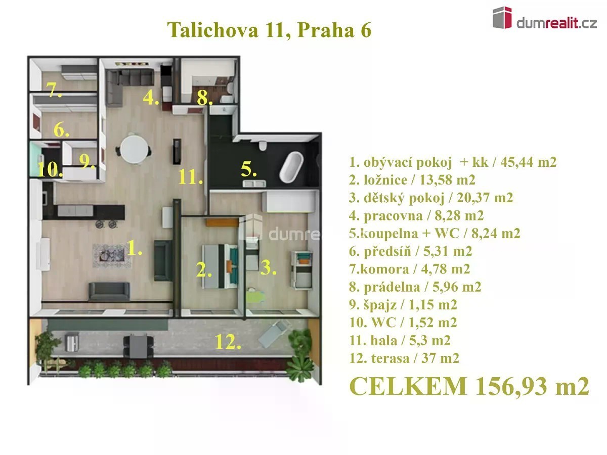 Hledáte byt 3+kk po nákladné rekonstrukci s velkou terasou, ideálně v Praze 6, v Top lokalitě? Mám zde pro vás exkluzivní nabídku kompletně zrekonstruovaného bytu 3+kk (120 m²) s terasou (37 m²) v Praze 6 - Břevnov, ulice Talichova, v docházkové vzdálenosti od parku Břevnovská klášterní zahrada. Tento byt byl v roce 2013 kompletně zrekonstruován a je v TOP stavu - kompletní interiéry vč. změny dispozice na 3+kk (lze předělat na 4+kk), podlahy, vstupní dveře, interiérové dveře, plastová okna - trojskla, topení - konvektory, elektrika, koupelna + WC, kuchyně + spotřebiče a terasa. Dispozici tohoto moderního bytu 3+kk (120 m²) tvoří: prostorný obývací pokoj prakticky spojený s kuchyní (45,44 m²) a se vstupem na terasu (37 m²) s výhledem do zeleně - orientace jihovýchod, s jídelním koutem s prostorem pro odpočinek (8,28 m²), ložnice (13,58 m²) se vstupem na terasu, dětský pokoj (20,37 m²) také se vstupem na terasu, předsíň (5,31 m²), velká komora (4,78 m²), spíž (1,15 m²), hala (5,3 m²), prádelna s prostorem na pračku/ sušičku a umyvadlem (5,96 m²), velká koupelna (8,24) m² s volně stojící vanou, sprchovým koutem a umyvadlem. Ve velké kuchyni od společnosti Sykora je vestavěná lednice s mrazákem, varná deska, 2 x digestoř s odtahem mimo byt, myčka, vestavěná trouba, parní trouba a vinotéka. Pracovní deska je z umělého kamene technistone. Byt lze předělat na 4+kk velmi jednoduše - viz 3d plánky. Vytápění bytu je centrální dálkové, SVJ nemá úvěr, výtah, střecha, stoupačky, zateplení domu jsou po rekonstrukci. Vstup do bytu v tomto kaskádové domě je bezbariérový, je z ulice Talichova, v 8.patře je výtah, byt je umístěn ve 3. patře domu. Byt je volný ihned, je v osobním vlastnictví, v rámci služeb RK Vám zařídíme exkluzivní hypoteční úvěr. V okolí bytu je absolutní klid, 1 minutu od domu je park (Břevnovský Klášter), zastávka MHD (Bus - Talichova nebo Radimova 2 minuty od domu; tramvaj do centra ze zastávky Vojenská nemocnice nebo U Kaštanu), nemocnice ÚVN, školy, školky, obchod Billa je přímo pod domem. Velmi doporučuji všem, kteří hledají nový domov v Praze 6 - Břevnov a požadují byt v TOP stavu. Tento prostorný byt 3+kk (120 m²) s terasou (37 m²) vás chytne za srdce. Kompletní webová prezentace s více fotkami z bytu je na našich stránkách. Ev. číslo: 652731.
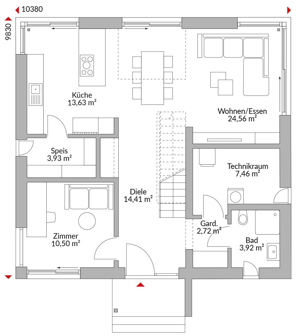 Eineinhalbgeschossiges Haus mit Eingangsüberdachung der höheren Haustür und drei Zimmern im Obergeschoss. Schlafzimmer mit begehbarer Ankleide und Masterbad inkl. Doppelwaschbecken, Badewanne und Dusche, geräumiger Flur mit heller Leseecke, zweites Bad im OG mit Dusche. Bodentiefe Verglasung mit französischen Balkonen aus Glas. Separates Mehrzweckzimmer mit Eckfensterlösung im Erdgeschoss. Das höhere Erdgeschoss mit erhöhter bodentiefer im Wohnzimmer Eckverglasung ist als offene Küche / Wohnen/ Essen mit Schiebetüren zur Terrasse konzipiert. Speisekammer, Technikraum und Diele mit Garderobe, Gäste-WC mit Dusche Satteldach mit breiter Traufe von 60 cm, 40° Dachneigung, Kniestock 1,25 m.
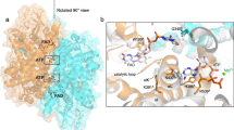 a, UV-visible absorption features of alpha HODM (8.5 μM). Ferric (thick solid line), ferrous (thin solid line) Fe2+–O2 (dotted line) and Fe2+–CO (dashed line). The major (Soret) absorption band is centred at 409, 423, 418 and 421 nm, respectively. The α/β bands are magnified in the inset. b, Titration of ferric and ferrous-oxy HODM α subunit with DMA. Absorbance changes associated with the haem Soret peak are plotted as a function of DMA concentration. The data are fitted using a hyperbolic function or the Morrison equation. Top, ferric with Kd = 12.6 ± 0.2 mM. Bottom, ferrous-oxy with Kd = 41.0 ± 5.0 μM (errors bars are s.e.m., n = 3). Insets show UV-vis spectra of the titration of DMA (0–50 mM) against ferric and ferrous-oxy HODM α subunit (7.5/4.8 μM). The UV-vis spectrum of α in buffer A was recorded initially and then after each addition of DMA. The direction of the absorbance changes of the ferric and ferrous-oxy Soret peak on substrate addition is measured from 409/415 nm (thick line) to 416/414 nm (dotted line), respectively. c–e, Spectral properties of HODM haem subunit variants E266Q, W180A and R224A, respectively. Ferric (thick black line), ferric in presence of 1 mM DMA (thick grey line), ferrous (thin black line), ferrous in presence of 1 mM DMA (thin grey line) and Fe2+–O2 (dotted line). The α/β bands are magnified in the inset. While the E226Q variant lacks spectroscopic features associated with DMA binding, the R224A variant appears to bind DMA as a 6th ligand to the haem iron in the ferrous state. Oxygen binding can be detected for all variants.

• • •

**YOUR GOAL**
Would you retype all the lines shown above, exactly as written and without any picture?

**RESULT**
 Hledáte byt 3+kk po nákladné rekonstrukci s velkou terasou, ideálně v Praze 6, v Top lokalitě? Mám zde pro vás exkluzivní nabídku kompletně zrekonstruovaného bytu 3+kk (120 m²) s terasou (37 m²) v Praze 6 - Břevnov, ulice Talichova, v docházkové vzdálenosti od parku Břevnovská klášterní zahrada. Tento byt byl v roce 2013 kompletně zrekonstruován a je v TOP stavu - kompletní interiéry vč. změny dispozice na 3+kk (lze předělat na 4+kk), podlahy, vstupní dveře, interiérové dveře, plastová okna - trojskla, topení - konvektory, elektrika, koupelna + WC, kuchyně + spotřebiče a terasa. Dispozici tohoto moderního bytu 3+kk (120 m²) tvoří: prostorný obývací pokoj prakticky spojený s kuchyní (45,44 m²) a se vstupem na terasu (37 m²) s výhledem do zeleně - orientace jihovýchod, s jídelním koutem s prostorem pro odpočinek (8,28 m²), ložnice (13,58 m²) se vstupem na terasu, dětský pokoj (20,37 m²) také se vstupem na terasu, předsíň (5,31 m²), velká komora (4,78 m²), spíž (1,15 m²), hala (5,3 m²), prádelna s prostorem na pračku/ sušičku a umyvadlem (5,96 m²), velká koupelna (8,24) m² s volně stojící vanou, sprchovým koutem a umyvadlem. Ve velké kuchyni od společnosti Sykora je vestavěná lednice s mrazákem, varná deska, 2 x digestoř s odtahem mimo byt, myčka, vestavěná trouba, parní trouba a vinotéka. Pracovní deska je z umělého kamene technistone. Byt lze předělat na 4+kk velmi jednoduše - viz 3d plánky. Vytápění bytu je centrální dálkové, SVJ nemá úvěr, výtah, střecha, stoupačky, zateplení domu jsou po rekonstrukci. Vstup do bytu v tomto kaskádové domě je bezbariérový, je z ulice Talichova, v 8.patře je výtah, byt je umístěn ve 3. patře domu. Byt je volný ihned, je v osobním vlastnictví, v rámci služeb RK Vám zařídíme exkluzivní hypoteční úvěr. V okolí bytu je absolutní klid, 1 minutu od domu je park (Břevnovský Klášter), zastávka MHD (Bus - Talichova nebo Radimova 2 minuty od domu; tramvaj do centra ze zastávky Vojenská nemocnice nebo U Kaštanu), nemocnice ÚVN, školy, školky, obchod Billa je přímo pod domem. Velmi doporučuji všem, kteří hledají nový domov v Praze 6 - Břevnov a požadují byt v TOP stavu. Tento prostorný byt 3+kk (120 m²) s terasou (37 m²) vás chytne za srdce. Kompletní webová prezentace s více fotkami z bytu je na našich stránkách. Ev. číslo: 652731.
 Eineinhalbgeschossiges Haus mit Eingangsüberdachung der höheren Haustür und drei Zimmern im Obergeschoss. Schlafzimmer mit begehbarer Ankleide und Masterbad inkl. Doppelwaschbecken, Badewanne und Dusche, geräumiger Flur mit heller Leseecke, zweites Bad im OG mit Dusche. Bodentiefe Verglasung mit französischen Balkonen aus Glas. Separates Mehrzweckzimmer mit Eckfensterlösung im Erdgeschoss. Das höhere Erdgeschoss mit erhöhter bodentiefer im Wohnzimmer Eckverglasung ist als offene Küche / Wohnen/ Essen mit Schiebetüren zur Terrasse konzipiert. Speisekammer, Technikraum und Diele mit Garderobe, Gäste-WC mit Dusche Satteldach mit breiter Traufe von 60 cm, 40° Dachneigung, Kniestock 1,25 m.
 a, UV-visible absorption features of alpha HODM (8.5 μM). Ferric (thick solid line), ferrous (thin solid line) Fe2+–O2 (dotted line) and Fe2+–CO (dashed line). The major (Soret) absorption band is centred at 409, 423, 418 and 421 nm, respectively. The α/β bands are magnified in the inset. b, Titration of ferric and ferrous-oxy HODM α subunit with DMA. Absorbance changes associated with the haem Soret peak are plotted as a function of DMA concentration. The data are fitted using a hyperbolic function or the Morrison equation. Top, ferric with Kd = 12.6 ± 0.2 mM. Bottom, ferrous-oxy with Kd = 41.0 ± 5.0 μM (errors bars are s.e.m., n = 3). Insets show UV-vis spectra of the titration of DMA (0–50 mM) against ferric and ferrous-oxy HODM α subunit (7.5/4.8 μM). The UV-vis spectrum of α in buffer A was recorded initially and then after each addition of DMA. The direction of the absorbance changes of the ferric and ferrous-oxy Soret peak on substrate addition is measured from 409/415 nm (thick line) to 416/414 nm (dotted line), respectively. c–e, Spectral properties of HODM haem subunit variants E266Q, W180A and R224A, respectively. Ferric (thick black line), ferric in presence of 1 mM DMA (thick grey line), ferrous (thin black line), ferrous in presence of 1 mM DMA (thin grey line) and Fe2+–O2 (dotted line). The α/β bands are magnified in the inset. While the E226Q variant lacks spectroscopic features associated with DMA binding, the R224A variant appears to bind DMA as a 6th ligand to the haem iron in the ferrous state. Oxygen binding can be detected for all variants.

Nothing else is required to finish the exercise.